L’IMPÉRIALISME PAR LA FAIM



ON vient de découvrir un sérum infaillible, absolu, contre la révolution politique et les pays continentaux feraient bien de s’en emparer de peur que l’Angleterre, qui en a démontré l’excellence, ne se hâte de le faire breveter.

À vrai dire, il y a longtemps que Messieurs les Anglais s’en servent à la sourdine, et quelques-uns de leurs amis du continent, qui ont aussi leurs petits ennuis, paraissent l’avoir au moins soupçonné. Mais jusqu’à ces derniers mois les expériences de l’Angleterre touchant ce merveilleux remède, quoique, en somme, assez satisfaisantes, n’avaient pas donné de résultats très positifs. Quant aux continentaux, ils l’appliquaient un peu au petit bonheur, sans en connaître exactement la portée, comme on faisait usage des caractères d’imprimerie avant Guttenberg.
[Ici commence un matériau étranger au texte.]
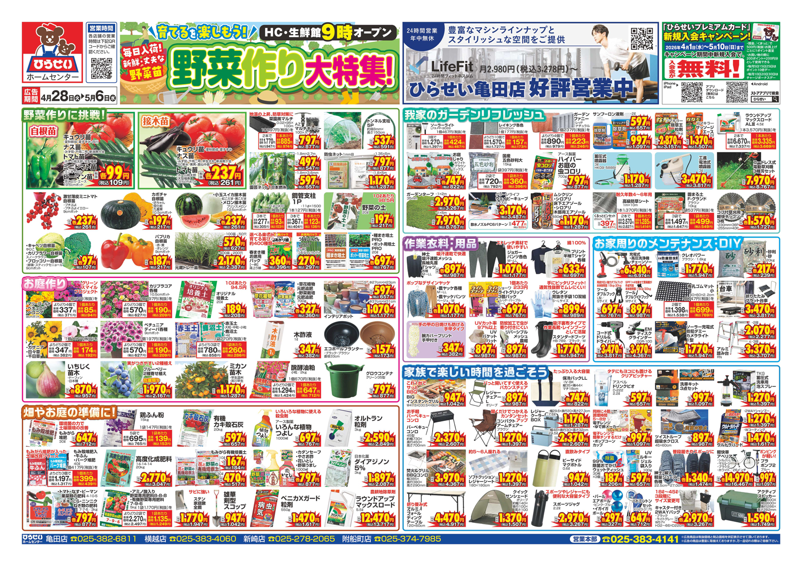新発田店・岩上店・豊栄インター店・寺尾台店・白根バイパス店・新津北上店・吉田店・上越店・中条店・柏崎柳田店・五泉店・新発田1丁目1番地店

Mais, maintenant, nous sommes fixés, et les éléments en travail de révolution n’ignorent plus ce qui les attend, s’ils ne s’amendent, pas plus que les avantages qu’ils recueilleront, s’ils se soumettent docilement à la cure nouvelle.

Depuis mille ans, plus ou moins, nos amis les Irlandais, opprimés par leurs voisins d’Angleterre, ne pouvaient laisser s’écouler un siècle sans se payer une révolution. Au lieu de se résigner à la servitude et à la famine jusqu’au moment psychologique où ils auraient béni la main qui leur eût jeté dans la bouche un objet quelconque — jusqu’à la cristallisation du mot de Cambronne (« La garde meurt et ne se rend pas »), — ils partaient donquichottement en guerre contre les pouvoirs établis et s’en allaient jusqu’en France chercher des Anglais pour taper dessus (voir Fontenoy).

Résultat : une moitié de la race vendait l’autre moitié ; quelques courtisans, comme ce Thomas Moore, dont un journal montréalais a reproduit les traits sous une couronne de lauriers le jour de la Saint-Patrice, s’engraissaient à la Cour, dont ils étaient les Triboulets, et la grande masse des révoltés se faisaient pendre. Si un lord anglais, dans la suppression de la révolte, perdait un cheveu, en eût-il perdu vingt mille à violenter les paysannes du pays dompté, ses compatriotes vengeaient cet outrage en faisant pourrir quelques milliers d’Irlandais dans d’obscurs cachots.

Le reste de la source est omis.